The artist formerly known as DTMAboutHeart, Dawson Sprigings, who is currently the Associate Director of Analytics and Lead Data Scientist for the Colorado Avalanche, shows in this article how valuable Expected Save Percentage is, specifically the difference between Expected save percentage and actual save percentage, denoted xSv% (a convention I personally dislike). From that article, Sprigings shows that this difference is a more repeatable skill than simple unblocked save percentage as you get more and more games in the sample:
There’s another way to look at this, which is Goals Saved Above Expected (GSAE). It’s a very similar idea, where each shot has a weight associated with it based on where it was taken. Just above, you add up each weighted shot, which is expected goals against. Then, instead of dividing that by unblocked shots against for expected save percentage, you subtract it from the number of saves the goalie has made. If they’ve made saved more goals than expected, this shows up as a positive number, and the reverse is also true. However, I can’t find any public data to say whether there’s any added value to looking at it that way. I’ve included both in the table below, but ranked on the difference between save % and expected save %.
Once again, Campbell looks great, sitting 3rd in the NHL in this metric, a shade behind Frederik Andersen himself, and quite a gap behind Sergei Bobrovsky.
It’s easy to conclude from the above that Jack Campbell has clearly maintained the level of excellence he was showing after just 8 games early in the 2020-21 season. He may even be the best goalie in the league right now, being the only goalie who appears in the top 5 of all three main stats we looked at today: regular sv%, high danger unblocked sv%, and sv% above expected.
One stat that I didn’t cover but find very interesting is adjGSAA/60, originally presented by Nick Mercadente in this article. I couldn’t find it listed in any of the stats databases I’ve used, but it looks like an interesting permutation of the continued effort to make improvements in goalie analysis.
At the end of the day, though, the same old caveat, “goalies are voodoo”, is still mostly true. All of these stats have very limited abilities in predicting future results. The variance from year to year can be staggering. So the next question, now that we know that Campbell is playing like one of the best goalies in the league, is how do the Leafs go about keeping him?
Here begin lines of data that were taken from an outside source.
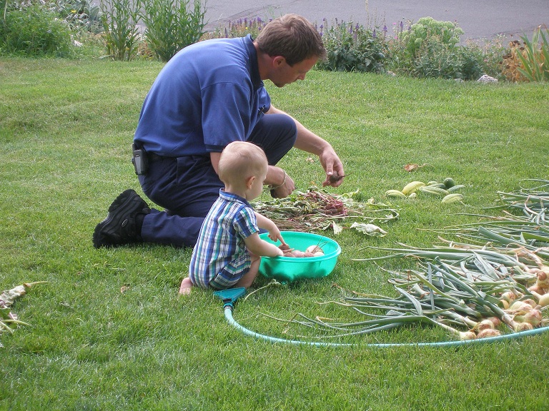 Harvest something – eggs, turnips, onions, cucumbers, zucchini, beets, tomatoes, green seedless grapes from the neighbor across the alley from us!
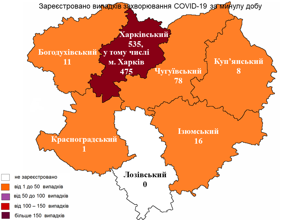 Як повідомили в Харківському обласному центрі контролю і профілактики хвороб, у регіоні виявили 649 нових хворих на коронавірус. Більша частина з них – 535 – жителі Харківського району (475 – міста Харкова).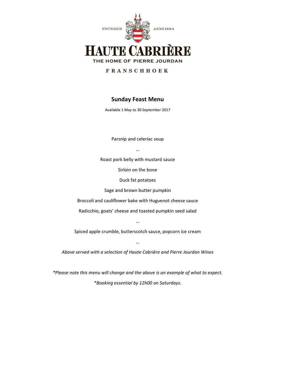 Franschhoek Restaurant News Franschhoek Restaurant Specials Haute Cabriere News Sunday Restaurant Specials Cape Town 2025 Sunday Restaurant Specials Cape Winelands Sunday Restaurant Specials Franschhoek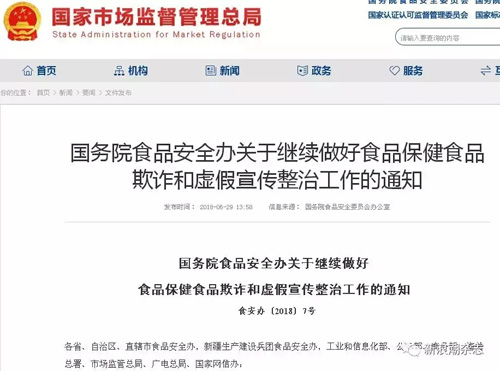 在2018年的6月29日,国家市场监督管理总局网站公布《国务院食品安全办关于继续做好食品保健食品欺诈和虚假宣传整治工作的通知》。《通知》称:为进一步巩固整治成果,更好净化消费环境,现将整治工作延至2018年底,分为持续推进(6—8月)、抽查检查(9—10月)、总结评议(11月)三个阶段。其中提到,要严厉查处虚假标识标签和虚假广告,以及以健康养生讲座、专家热线等形式进行虚假宣传等违法违规行为。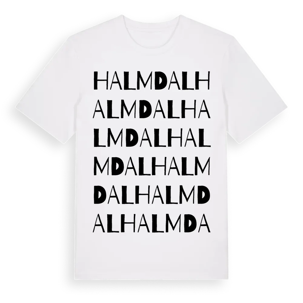 Halmdal ordlek t-shirt är inspirerad av Halmdal i Uppsala län, Sverige. Tröjan är designad för dig som har en speciell koppling till platsen – oavsett om du bor här, har rötterna här eller bara älskar Halmdal.
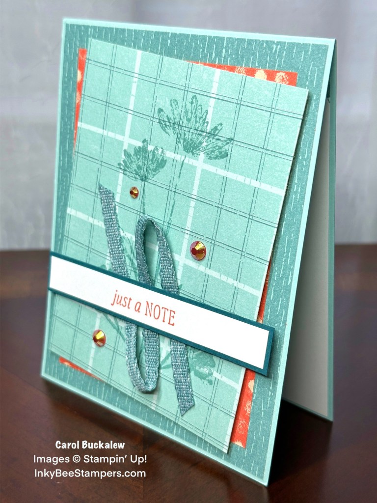 My card today is one of those “pretty doesn’t need to be complicated” cards! I selected a Lost Lagoon print from the Inked Botanicals Designer Series Paper pack for the background of the card front and this panel was adhered to the front of a Pool Party card base. Two more prints were selected from the pack, one in Calypso Coral and one in Pool Party. The Calypso Coral panel was adhered to the card front on top of the first panel. I used the tall floral image from the Inked & Tiled Stamp Set and stamped this image on the Pool Party print panel in Lost Lagoon ink. The smaller flower and stem image was stamped on either side of the tall flower. The panel was then adhered to the card front at an angle using Stampin’ Dimensionals so that some of the Calypso Coral print underneath showed through.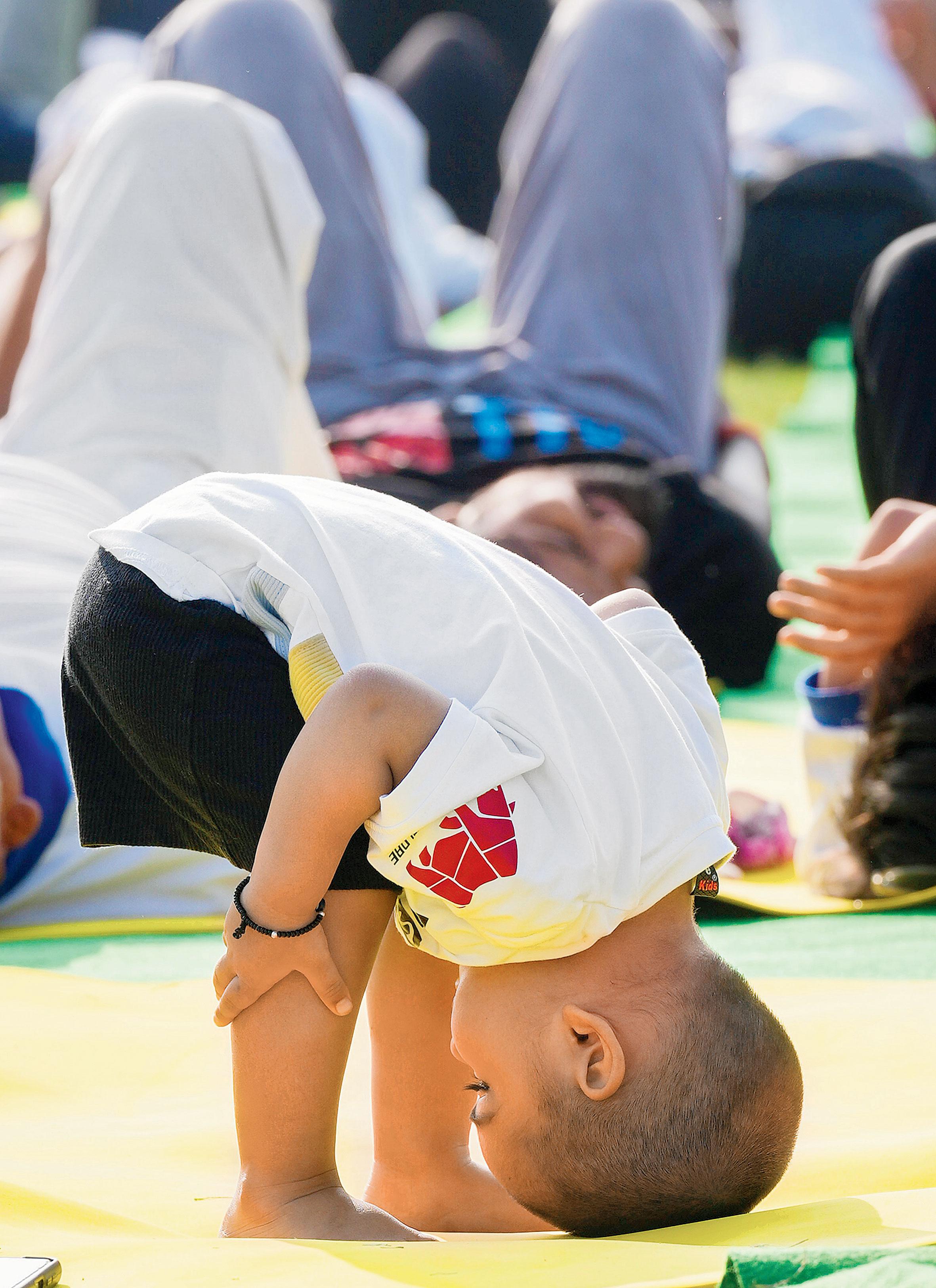 ગઈ કાલે દિલ્હીમાં કર્તવ્યપથ પર યોગ કરતું નાનું બાળક.

It’s important to keep the chart below in mind, which comes from Gabe Desjardins, the creator of Behind The Net:
In the 1000 shots that Campbell has faced over the last 2 years, he has a 93.09% save percentage. This chart suggests that there’s a 10% chance that this is 100% luck. That’s certainly better than if he had only a ~92.5% save percentage, the chance of it being 100% luck would be almost 30%.
A 90% chance that Campbell is earning his results to some degree makes it pretty clear that he’s a pretty good goalie. But to expect these results to continue would be almost farcical. Looking at how that plays into a future contract is beyond my skills, but it will definitely be interesting to watch.